WORK REQUIRED: While you copy the lines below, skip the pictures and keep the rest exact.

COLLECTED DATA:
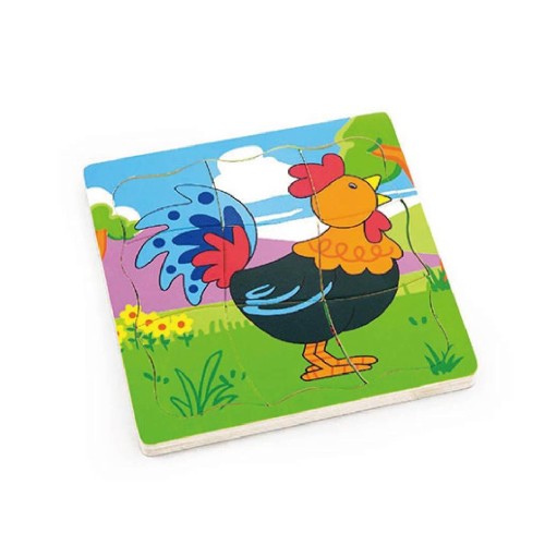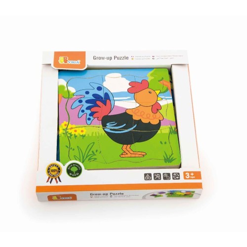 Each multi-layer puzzle contains 4 different pictures illustrating the transformation of an egg to a rooster.
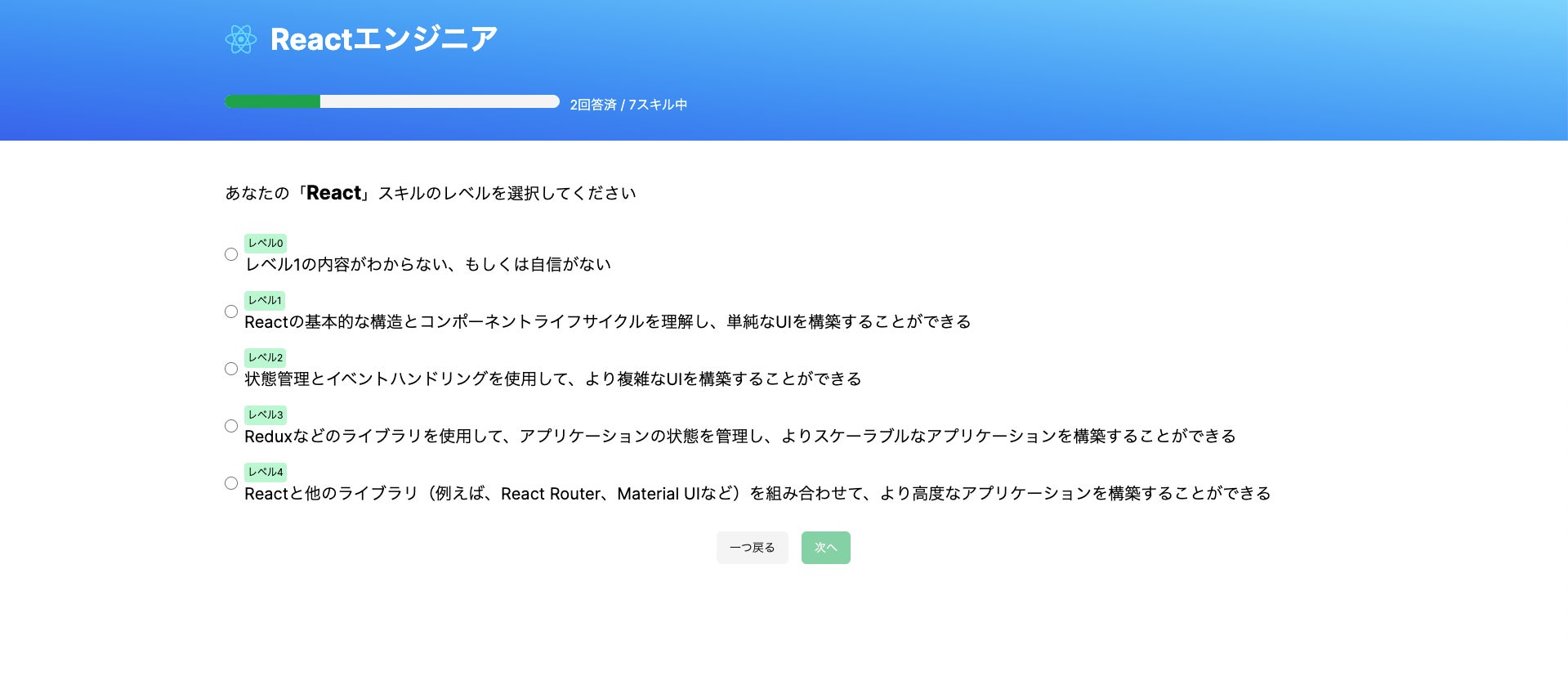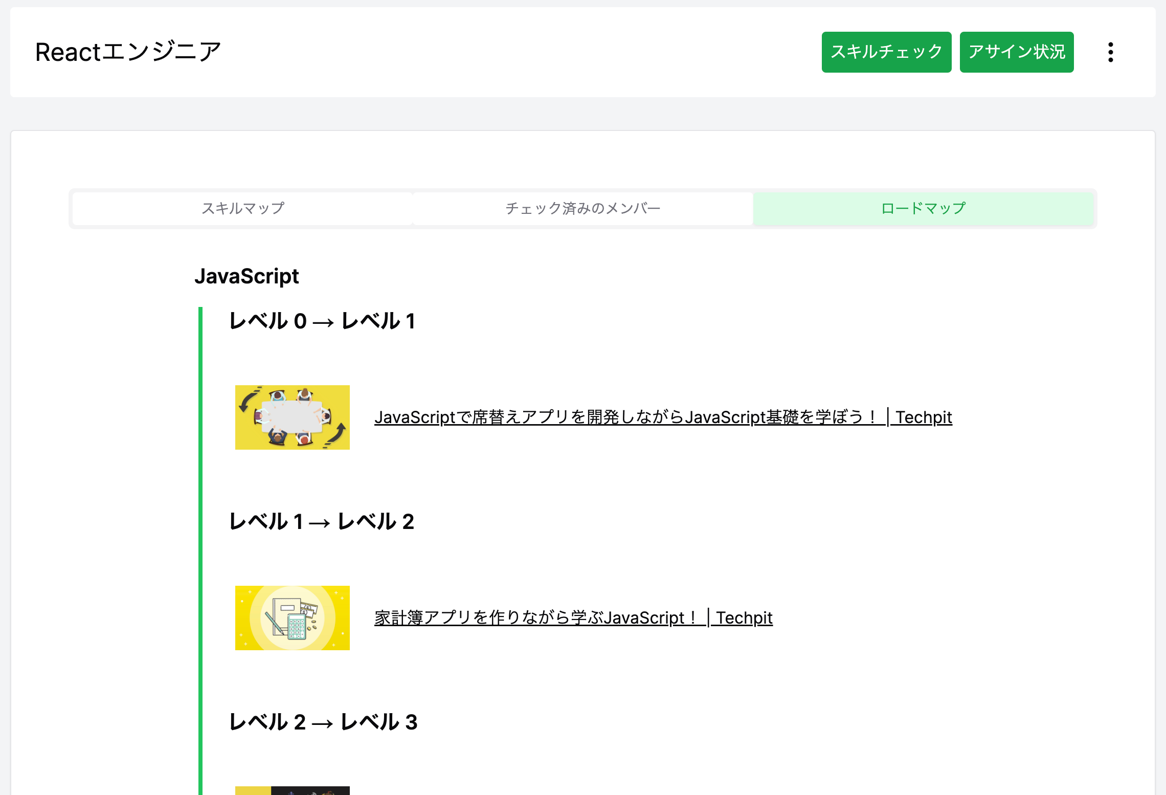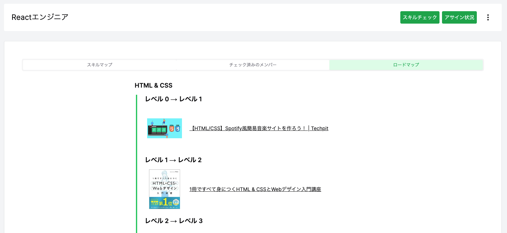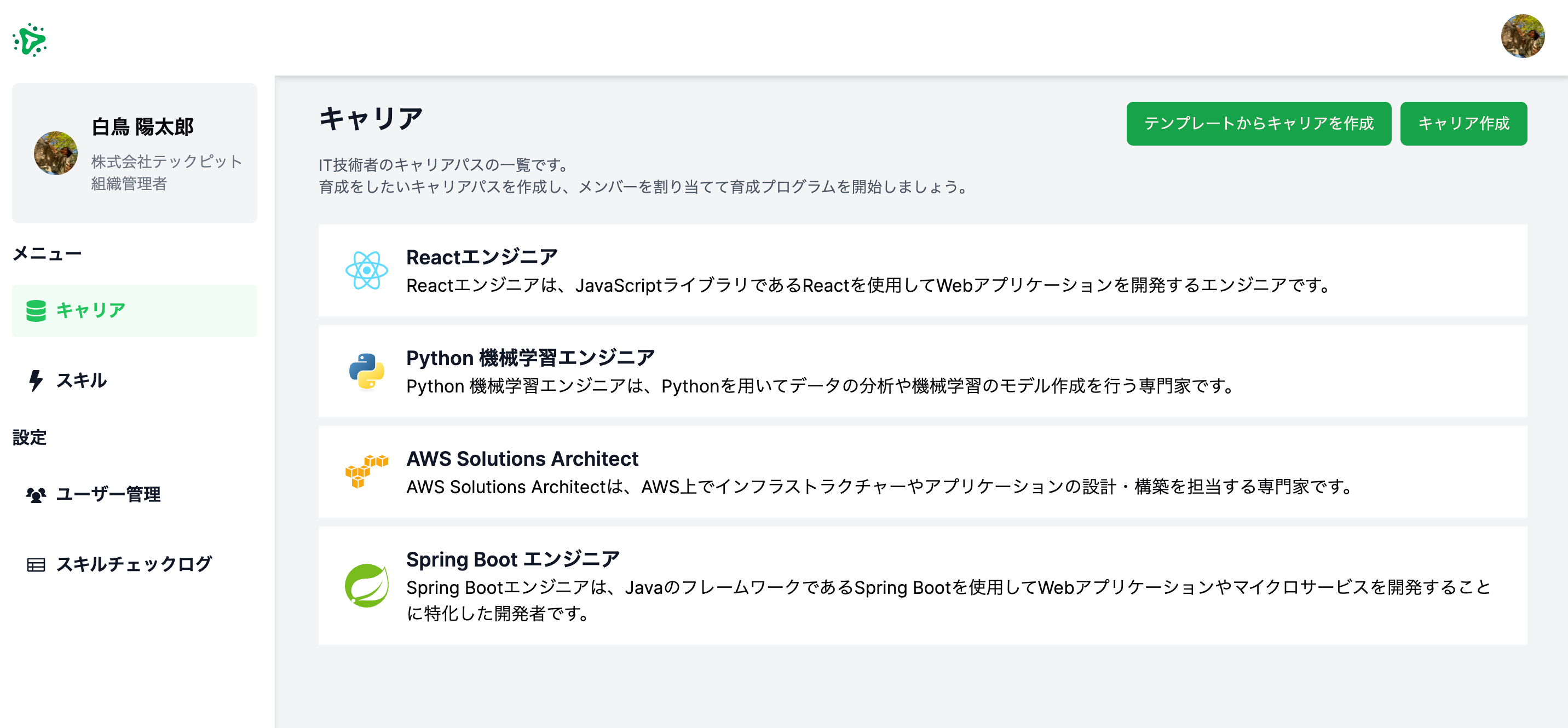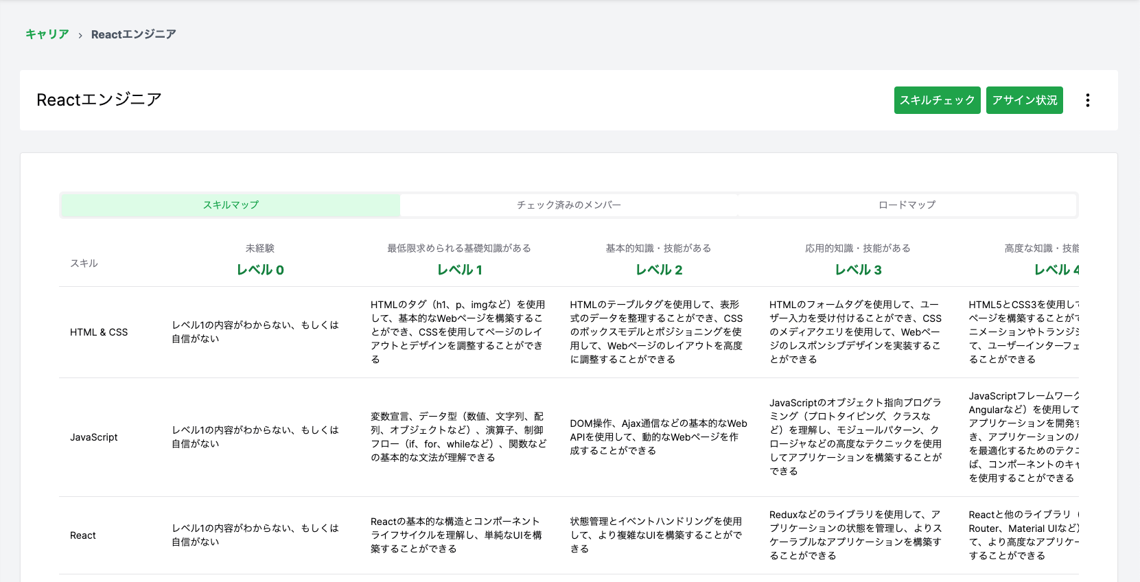 ・標準のテンプレート:AWS Solutions ArchitectやReactフロントエンジニアなどのテンプレートからスキルマップを作成することができます
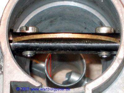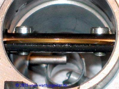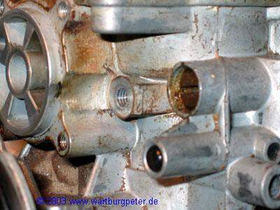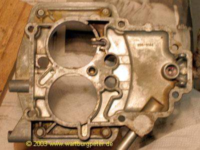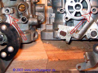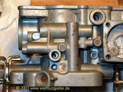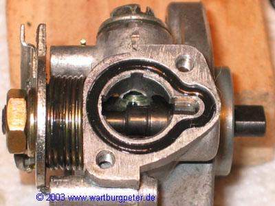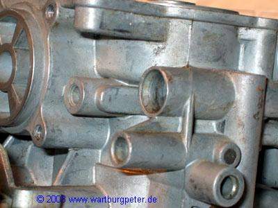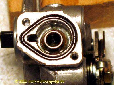 Gegenüber der Seite der Nockenwelle: Man kann ein Stück der Buchse (Druckfeder ist abgenommen) erkennen, welche letztlich die Durchflußmenge reguliert. Nicht zu erkennen ist der Pumpenmechanismus selbst. Dazu müßte ich das Bauteil vollständig zerlegen... Um die Sache vollständig zu machen, für was auch immer, habe ich hier noch links die ältere und rechts die neuere Vergaserdeckelvariante aufgenommen. |

REPLY:
 Each multi-layer puzzle contains 4 different pictures illustrating the transformation of an egg to a rooster.
 ・標準のテンプレート:AWS Solutions ArchitectやReactフロントエンジニアなどのテンプレートからスキルマップを作成することができます
 Gegenüber der Seite der Nockenwelle: Man kann ein Stück der Buchse (Druckfeder ist abgenommen) erkennen, welche letztlich die Durchflußmenge reguliert. Nicht zu erkennen ist der Pumpenmechanismus selbst. Dazu müßte ich das Bauteil vollständig zerlegen... Um die Sache vollständig zu machen, für was auch immer, habe ich hier noch links die ältere und rechts die neuere Vergaserdeckelvariante aufgenommen. |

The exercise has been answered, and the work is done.